(piano music)
- [Lisa] We're gonna start
with the Secure Attachment Style.
If you look at the graphic here,
remember that the Secure Attachment Style
has a low level of anxiety
and a low level of avoidance.
People who are securely attached
believe that they are good
and that other people are also good.
In the Secure Attachment
Style, the parental behavior,
so we're gonna go back
to Mary Ainsworth study,
looking at how children reacted
when their parents were in the room
and how they react when
their parents leave the room,
when the stranger comes in
and when the parent returns.
So parental behaviors that
develop Secure Attachment are,
the parents played more
with their children,
they positively attune to the child,
so as to provide a save
haven, a secure base,
positive attention and affection.
They react more quickly to child's need,
and they are more responsive
to the child's needs.
This results in a child who,
when they separate temporarily
from the parent, they do
not have fear or anxiety,
they seek comfort from the
parent when frightened,
and they respond with positive emotions
when the parent returns.
They prefer the parent to the stranger.
The next Attachment Style
is Anxious Attachment,
and if you'll notice on the chart,
the Anxious Attached person
has a higher level of anxiety
in relationship, they have
a low level of avoidance
of relationship.
They believe that they are
bad and that others are good.
The parental behaviors that promote
Anxious-Insecure
Attachment is when a parent
or parental figure tends to
their child inconsistently.
They attune to their child inconsistently.
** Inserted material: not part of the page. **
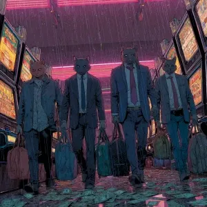 «Humanoid gangster cats sprinting through a neon-lit alley at nig...»

They create an experience of
emotional see-saw for the child
meeting the child's needs sometimes
and not meeting the
child's needs other times.
As a result, the child
starts to distrust strangers
even when the parent is nearby.
They get anxious, they become distressed
when the parent leaves, and
they continue to be distressed
not experiencing comfort
even when the parent returns.
They can't trust that the
parent will be a secure base
and a safe haven.
The third Attachment Style
is Avoidant Attachment Style.
This is where there is low anxiety,
there's high avoidance of relationship.
They believe that they are
good but that others are bad.
Parental behaviors that foster
an Avoidant Attachment Style
are when the parent or parental figure
is emotionally unavailable to the child.
When the parent is insensitive
to the child's needs,
and the parent can sometimes
become even hostile
to the child's needs, frustrated
and irritable when the
child needs something.
This results in the child
distancing themselves
from the parental figures emotionally
and even physically at times.
The child does not ask or seek comfort
even from the parent,
the child shows little
or no preference between
the parent and the stranger,
and the child begins to want
to do everything themselves.
The fourth Attachment
Style is the Disorganized
Attachment Style.
This is where there's high
anxiety and high avoidance.
The person believes that they are bad
and that others are also bad.
Parental behaviors that lead
to Disorganized Attachment
are, they give both fear
and reassurance to the child
often at the same time.
The child feels both comfort and fear,
resulting in confusion, and the parent
gives an impossible to resolve situation.
For instance, the parent
will ask the child
to sweep the floor, but
when the child does so,
the parent is overly critical,
and may even put the child down
for not doing a better job.
This is a no-win situation.
Disorganized Attachment
Style often develops
where there is trauma in a child's life.
The result of the parental behaviors
is a child who has mixed
behaviors, simultaneously desiring
and avoiding closeness to the parent.
They greatly distrust others,
even their own parents,
and they worry that others,
even my own parents will hurt me
(piano music)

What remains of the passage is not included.